## Exercise prompt
Each record that follows is to be transcribed exactly, excluding its images.

## Source information
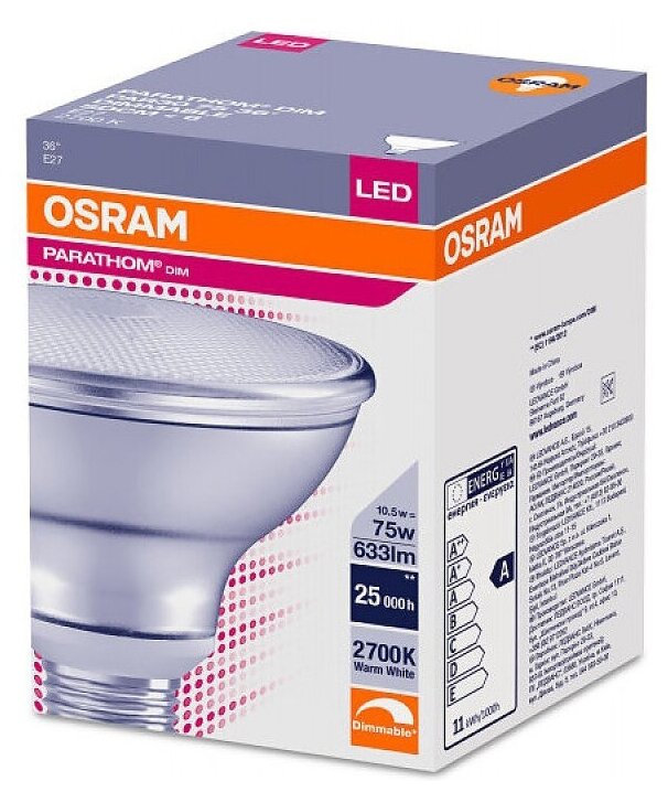 Отзывы на Лампа Светодиодная OSRAM 10Вт 220В Софит PAR30 E27 633Лм Диммируемая Ra90 угол 36° 2700К Теплый белый свет, уп. 1шт
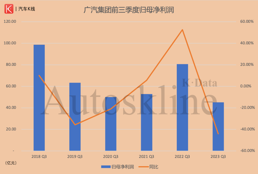 而同期广汽集团归母净利润与扣非净利润分别仅有45.11亿元和40.23亿元,受投资收益骤降影响,上述两项净利润指标同样分别出现44.05%和47.94%的同比下滑,其降幅均创近年之最。
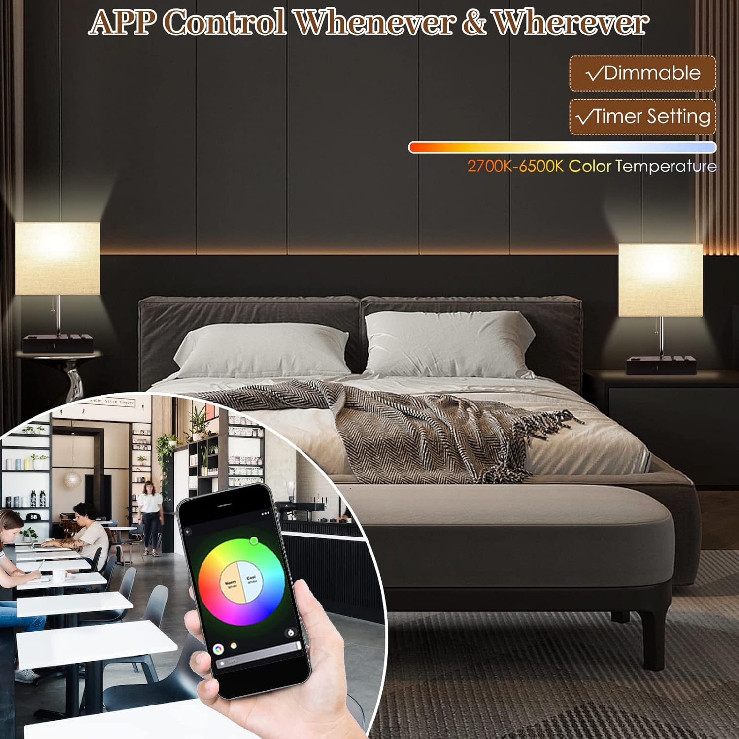 Multiple Functions: This table lamp with a smart RGB bulb has more functions to explore: Timer, Slowly or Delay ON/OFF, Repeat lighting perform act, Music Customs, and more
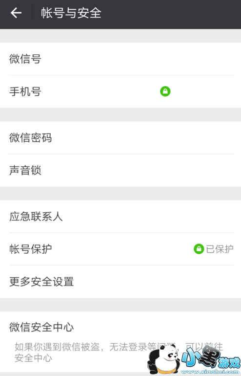 3.点击账号与安全,进入到账号也安全页面,这里显示着微信号、手机号、微信密码、声音锁等功能,如图
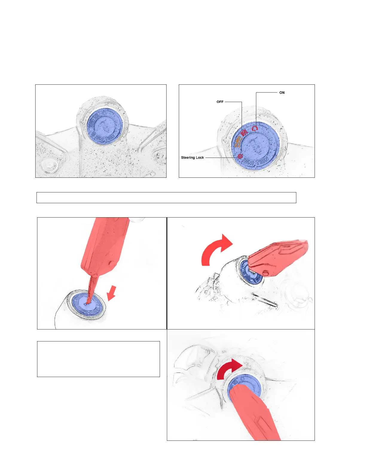 Via the key ignition, you can turn on/o the bike and you can also lock the steering (refer to page
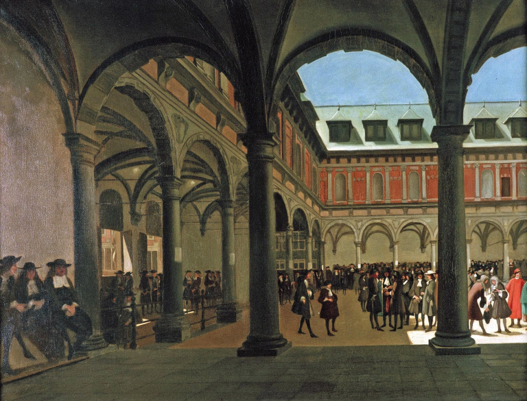 Амстердамская биржа. Иллюстрация: Job Berckheyde, Amsterdam Museum, am.adlibhosting.com
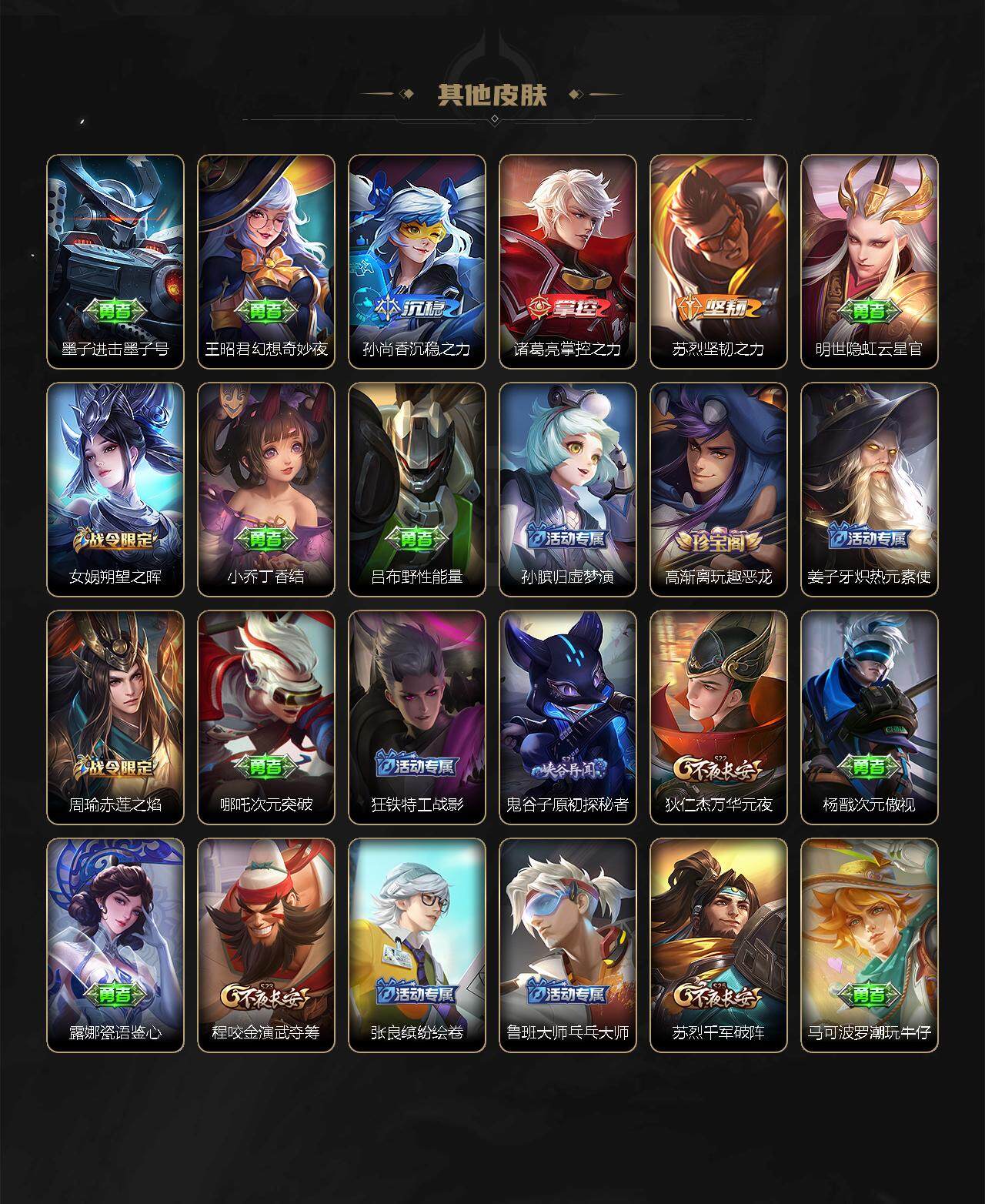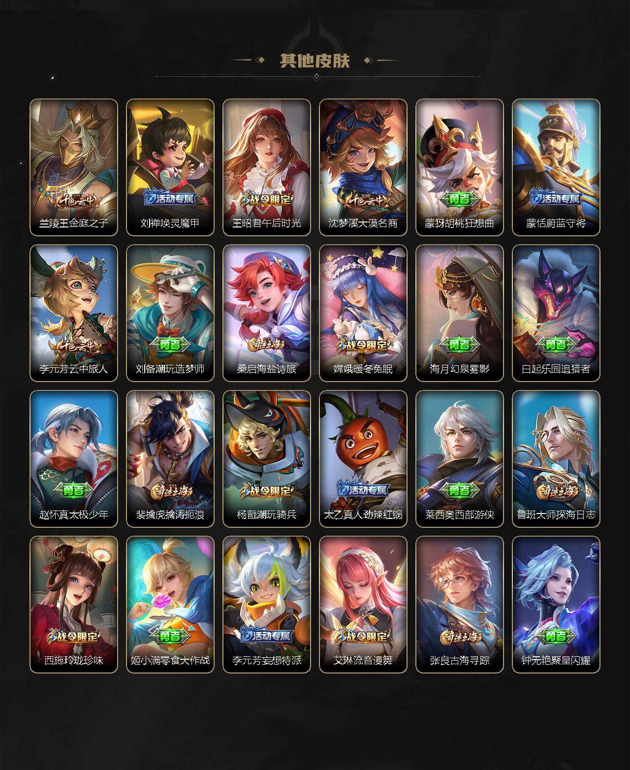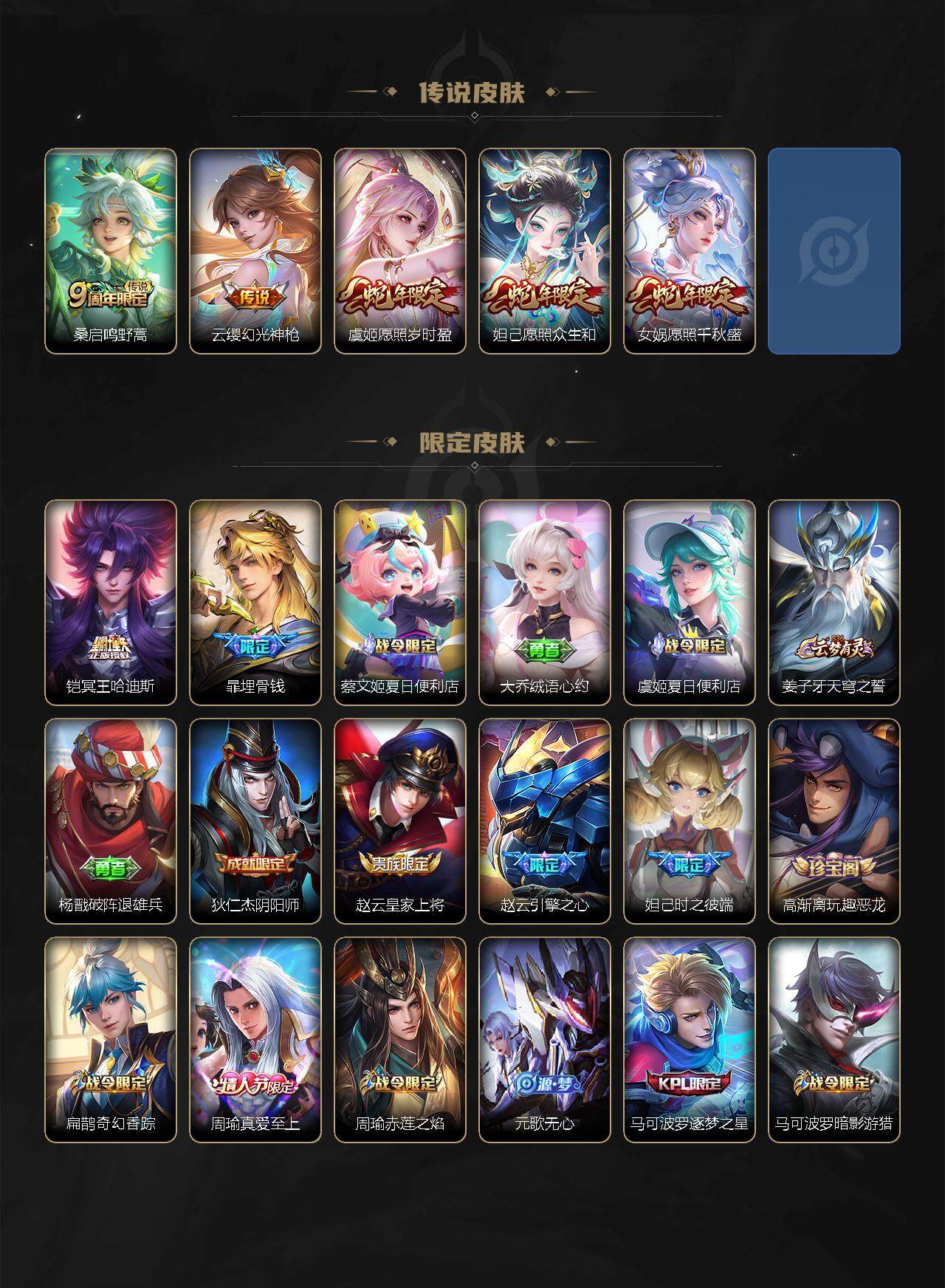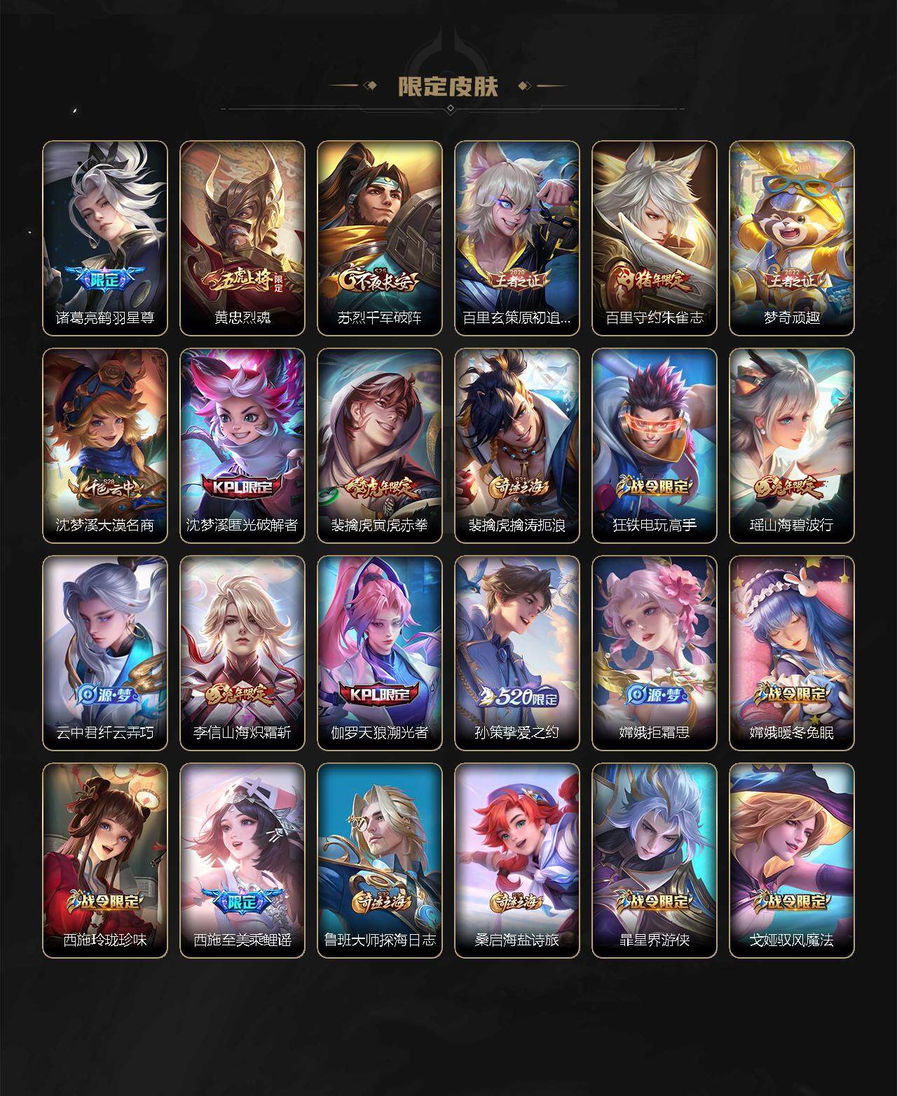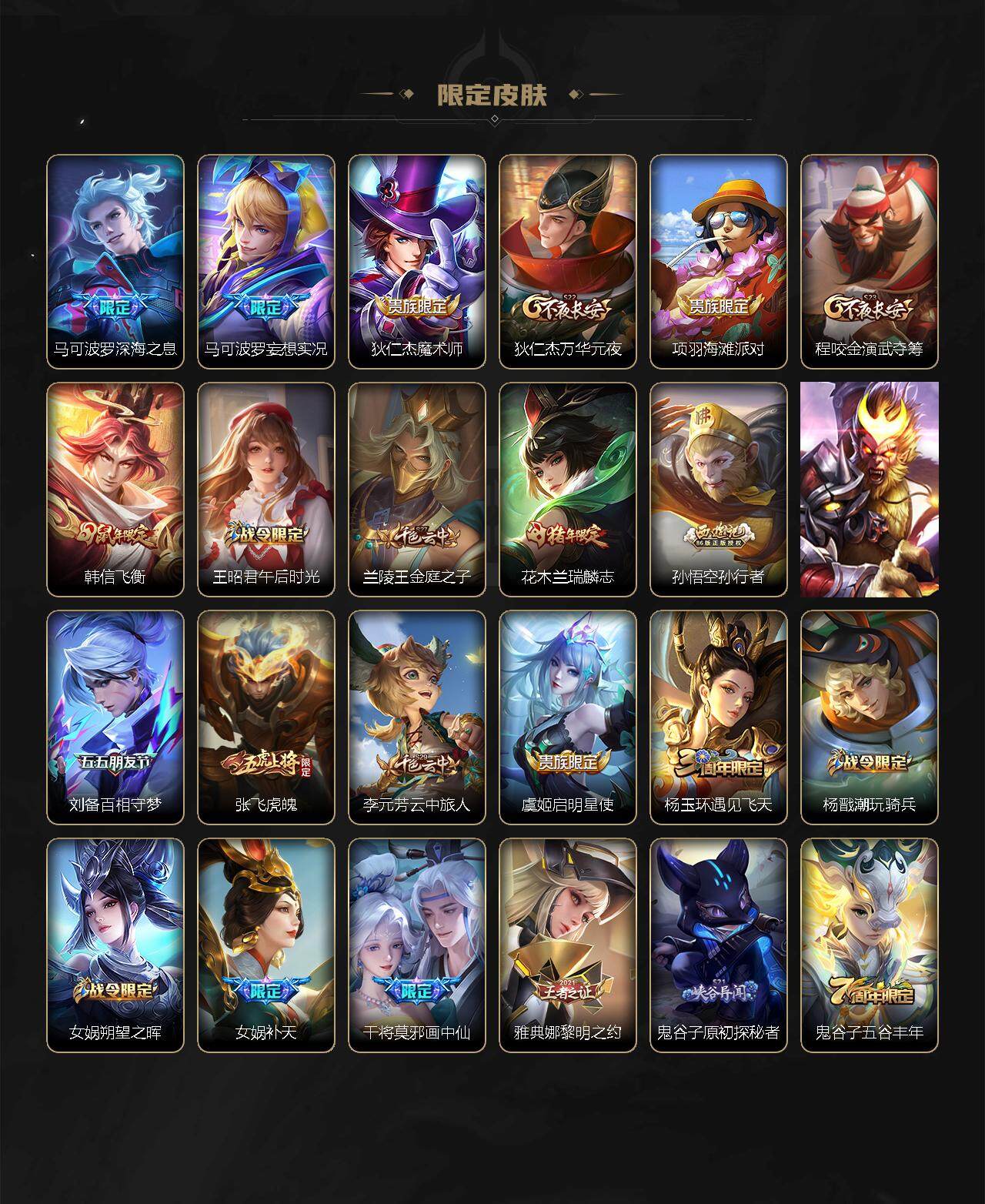 【限定皮肤】:铠冥王哈迪斯,暃埋骨钱,蔡文姬夏日便利店,大乔绒语心约,虞姬夏日便利店,姜子牙天穹之誓,杨戬破阵退雄兵,狄仁杰阴阳师,赵云皇家上将,赵云引擎之心,妲己时之彼端,高渐离玩趣恶龙,扁鹊奇幻香踪,周瑜真爱至上,周瑜赤莲之焰,元歌无心,马可波罗逐梦之星,马可波罗暗影游猎,马可波罗深海之息,马可波罗妄想实况,狄仁杰魔术师,狄仁杰万华元夜,项羽海滩派对,程咬金演武夺筹,韩信飞衡,王昭君午后时光,兰陵王金庭之子,花木兰瑞麟志,孙悟空孙行者,孙悟空齐天大圣,刘备百相守梦,张飞虎魄,李元芳云中旅人,虞姬启明星使,杨玉环遇见飞天,杨戬潮玩骑兵,女娲朔望之晖,女娲补天,干将莫邪画中仙,雅典娜黎明之约,鬼谷子原初探秘者,鬼谷子五谷丰年,诸葛亮鹤羽星尊,黄忠烈魂,苏烈千军破阵,百里玄策原初追逐者,百里守约朱雀志,梦奇顽趣,沈梦溪大漠名商,沈梦溪匿光破解者,裴擒虎寅虎赤拳,裴擒虎擒涛扼浪,狂铁电玩高手,瑶山海碧波行,云中君纤云弄巧,李信山海炽霜斩,伽罗天狼溯光者,孙策挚爱之约,嫦娥拒霜思,嫦娥暖冬兔眠,西施玲珑珍味,西施至美乘鲤谣,鲁班大师探海日志,桑启海盐诗旅,暃星界游侠,戈娅驭风魔法,艾琳流音漫舞,司空震地狱燃心,阿古朵江河有灵,张良古海寻踪,蒙恬荣光圣徽,高渐离燃音魔法,妲己灵卜魔法,鬼谷子天穹祈灯,伽罗琥珀纪元,孙策乘龙淬吴钩,沈梦溪龙舞盛年,鲁班七号蔬乡物语,李元芳蔬乡物语,刘邦剑破天穹,程咬金群星魔术团,

## Expected answer
 Отзывы на Лампа Светодиодная OSRAM 10Вт 220В Софит PAR30 E27 633Лм Диммируемая Ra90 угол 36° 2700К Теплый белый свет, уп. 1шт
 而同期广汽集团归母净利润与扣非净利润分别仅有45.11亿元和40.23亿元,受投资收益骤降影响,上述两项净利润指标同样分别出现44.05%和47.94%的同比下滑,其降幅均创近年之最。
 Multiple Functions: This table lamp with a smart RGB bulb has more functions to explore: Timer, Slowly or Delay ON/OFF, Repeat lighting perform act, Music Customs, and more
 3.点击账号与安全,进入到账号也安全页面,这里显示着微信号、手机号、微信密码、声音锁等功能,如图
 Via the key ignition, you can turn on/o the bike and you can also lock the steering (refer to page
 Амстердамская биржа. Иллюстрация: Job Berckheyde, Amsterdam Museum, am.adlibhosting.com
 【限定皮肤】:铠冥王哈迪斯,暃埋骨钱,蔡文姬夏日便利店,大乔绒语心约,虞姬夏日便利店,姜子牙天穹之誓,杨戬破阵退雄兵,狄仁杰阴阳师,赵云皇家上将,赵云引擎之心,妲己时之彼端,高渐离玩趣恶龙,扁鹊奇幻香踪,周瑜真爱至上,周瑜赤莲之焰,元歌无心,马可波罗逐梦之星,马可波罗暗影游猎,马可波罗深海之息,马可波罗妄想实况,狄仁杰魔术师,狄仁杰万华元夜,项羽海滩派对,程咬金演武夺筹,韩信飞衡,王昭君午后时光,兰陵王金庭之子,花木兰瑞麟志,孙悟空孙行者,孙悟空齐天大圣,刘备百相守梦,张飞虎魄,李元芳云中旅人,虞姬启明星使,杨玉环遇见飞天,杨戬潮玩骑兵,女娲朔望之晖,女娲补天,干将莫邪画中仙,雅典娜黎明之约,鬼谷子原初探秘者,鬼谷子五谷丰年,诸葛亮鹤羽星尊,黄忠烈魂,苏烈千军破阵,百里玄策原初追逐者,百里守约朱雀志,梦奇顽趣,沈梦溪大漠名商,沈梦溪匿光破解者,裴擒虎寅虎赤拳,裴擒虎擒涛扼浪,狂铁电玩高手,瑶山海碧波行,云中君纤云弄巧,李信山海炽霜斩,伽罗天狼溯光者,孙策挚爱之约,嫦娥拒霜思,嫦娥暖冬兔眠,西施玲珑珍味,西施至美乘鲤谣,鲁班大师探海日志,桑启海盐诗旅,暃星界游侠,戈娅驭风魔法,艾琳流音漫舞,司空震地狱燃心,阿古朵江河有灵,张良古海寻踪,蒙恬荣光圣徽,高渐离燃音魔法,妲己灵卜魔法,鬼谷子天穹祈灯,伽罗琥珀纪元,孙策乘龙淬吴钩,沈梦溪龙舞盛年,鲁班七号蔬乡物语,李元芳蔬乡物语,刘邦剑破天穹,程咬金群星魔术团,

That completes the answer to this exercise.